Some of the first work began this week on the 3.1-mile Metro light rail extension in Mesa, where crews are working on Main Street to find underground utilities.
The activity should only produce minor disruptions for now, Metro spokeswoman Hillary Foose said.
Drivers will find small sections where a lane of traffic is blocked, rather than an extended blockage.
“The crew moves around,” Foose said. “There are limited restrictions and limited traffic impacts,” she said.
The work is occurring from where the light rail line currently ends at Sycamore, to the new end-point that will be constructed east of Mesa Drive. Crews will spend several weeks drilling holes into the road to confirm that water, sewer, communication, gas and other underground lines are buried in the same place they’ve been drawn on construction documents. Crews should be in one location for about one hour.
Metro is holding back on any major projects until after July 4.
Mesa had asked the transit agency to focus only on light-duty work until after the Arizona Celebration of Freedom on June 29-30. The city wants to keep Main intact for the festival that draws tens of thousands of visitors to downtown Mesa.
“There won’t be any activity during the Celebration of Freedom, which is what we committed to do,” Foose said.
Construction will transform the streetscape soon after.
By early July, crews will tear out the center median and dig massive holes to relocate nine storm drain manholes spaced along the rail extension.
The work will begin at Robson in downtown and move east. Once crews reach the end of the line, they’ll shift to Sycamore and work east toward downtown.
Metro hasn’t established exact dates for each step of that process, but Foose said businesses will get advance notice as various construction activities approach.

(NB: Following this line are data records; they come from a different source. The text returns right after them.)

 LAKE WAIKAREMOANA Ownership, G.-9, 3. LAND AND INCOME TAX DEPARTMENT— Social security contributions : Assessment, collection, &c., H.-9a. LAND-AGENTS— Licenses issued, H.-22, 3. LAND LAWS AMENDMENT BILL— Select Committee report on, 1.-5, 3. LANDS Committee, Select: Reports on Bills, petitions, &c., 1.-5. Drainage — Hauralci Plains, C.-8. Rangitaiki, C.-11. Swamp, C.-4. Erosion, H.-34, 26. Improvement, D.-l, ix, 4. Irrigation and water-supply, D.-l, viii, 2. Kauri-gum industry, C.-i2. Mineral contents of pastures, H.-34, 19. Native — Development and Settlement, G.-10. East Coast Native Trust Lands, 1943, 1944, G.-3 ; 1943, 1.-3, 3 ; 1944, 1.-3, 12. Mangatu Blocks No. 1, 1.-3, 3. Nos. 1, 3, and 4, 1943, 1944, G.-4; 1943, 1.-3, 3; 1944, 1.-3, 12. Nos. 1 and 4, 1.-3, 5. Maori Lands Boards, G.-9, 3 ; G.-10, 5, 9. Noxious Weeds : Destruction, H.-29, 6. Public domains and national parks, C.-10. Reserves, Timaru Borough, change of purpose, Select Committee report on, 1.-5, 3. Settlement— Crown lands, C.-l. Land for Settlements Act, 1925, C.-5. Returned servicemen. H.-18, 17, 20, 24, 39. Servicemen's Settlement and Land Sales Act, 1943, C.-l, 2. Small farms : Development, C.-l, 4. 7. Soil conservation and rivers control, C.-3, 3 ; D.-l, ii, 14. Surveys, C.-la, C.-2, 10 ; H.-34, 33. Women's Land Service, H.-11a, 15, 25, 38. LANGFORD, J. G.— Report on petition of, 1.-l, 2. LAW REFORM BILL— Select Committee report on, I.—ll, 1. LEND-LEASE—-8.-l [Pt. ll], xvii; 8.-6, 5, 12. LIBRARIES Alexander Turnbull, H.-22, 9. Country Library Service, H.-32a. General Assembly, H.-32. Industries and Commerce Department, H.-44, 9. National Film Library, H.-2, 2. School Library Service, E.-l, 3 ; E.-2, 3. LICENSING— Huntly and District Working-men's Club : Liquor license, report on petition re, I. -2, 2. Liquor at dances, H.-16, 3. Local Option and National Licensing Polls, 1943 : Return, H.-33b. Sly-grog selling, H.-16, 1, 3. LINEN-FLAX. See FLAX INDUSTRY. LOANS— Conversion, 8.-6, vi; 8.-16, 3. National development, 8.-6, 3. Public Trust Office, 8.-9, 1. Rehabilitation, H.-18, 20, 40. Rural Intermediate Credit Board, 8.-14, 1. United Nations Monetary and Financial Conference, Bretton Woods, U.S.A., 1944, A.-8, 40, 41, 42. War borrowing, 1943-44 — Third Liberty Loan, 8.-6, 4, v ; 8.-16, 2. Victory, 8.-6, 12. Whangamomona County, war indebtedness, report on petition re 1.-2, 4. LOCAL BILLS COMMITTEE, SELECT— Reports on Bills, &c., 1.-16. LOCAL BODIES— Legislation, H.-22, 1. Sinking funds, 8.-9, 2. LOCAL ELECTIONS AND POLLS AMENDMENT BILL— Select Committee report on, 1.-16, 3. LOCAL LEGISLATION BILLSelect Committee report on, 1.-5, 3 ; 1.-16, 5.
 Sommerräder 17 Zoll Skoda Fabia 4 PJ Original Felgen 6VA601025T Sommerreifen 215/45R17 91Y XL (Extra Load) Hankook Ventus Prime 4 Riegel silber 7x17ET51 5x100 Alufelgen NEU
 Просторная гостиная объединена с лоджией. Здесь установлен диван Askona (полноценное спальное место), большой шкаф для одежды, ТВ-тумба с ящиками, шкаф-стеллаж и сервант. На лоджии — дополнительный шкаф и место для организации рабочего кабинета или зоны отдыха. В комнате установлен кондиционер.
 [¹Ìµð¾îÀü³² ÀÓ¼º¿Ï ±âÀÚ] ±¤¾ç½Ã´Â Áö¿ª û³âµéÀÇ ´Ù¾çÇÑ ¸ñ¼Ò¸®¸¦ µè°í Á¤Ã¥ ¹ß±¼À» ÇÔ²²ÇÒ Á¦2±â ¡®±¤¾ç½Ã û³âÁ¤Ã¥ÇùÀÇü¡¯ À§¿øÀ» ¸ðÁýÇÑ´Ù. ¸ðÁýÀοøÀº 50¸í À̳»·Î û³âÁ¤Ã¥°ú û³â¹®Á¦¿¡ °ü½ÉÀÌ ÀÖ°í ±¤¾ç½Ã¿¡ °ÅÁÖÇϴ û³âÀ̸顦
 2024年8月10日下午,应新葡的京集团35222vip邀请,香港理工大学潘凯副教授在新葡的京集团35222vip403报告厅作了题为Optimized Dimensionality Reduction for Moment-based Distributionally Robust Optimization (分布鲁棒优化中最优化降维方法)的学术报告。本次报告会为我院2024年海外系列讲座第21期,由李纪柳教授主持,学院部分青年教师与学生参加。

Main Street will have at least one lane of traffic in each direction through most of the construction process. A limited number of overnight or weekend closures will be required at some stages of the work.
Mesa and Metro have developed a plan to minimize disruption in the downtown. One element of that requires Metro to perform the most intrusive construction projects when downtown is less active in the summer.
“We have a moratorium before the winter season begins,” Foose said. “We made a commitment for the business community that we would refrain from doing really heavy work.”
The $200 million extension is scheduled to open in fall 2015. It will add four new stations and a park-and-ride lot at Mesa Drive.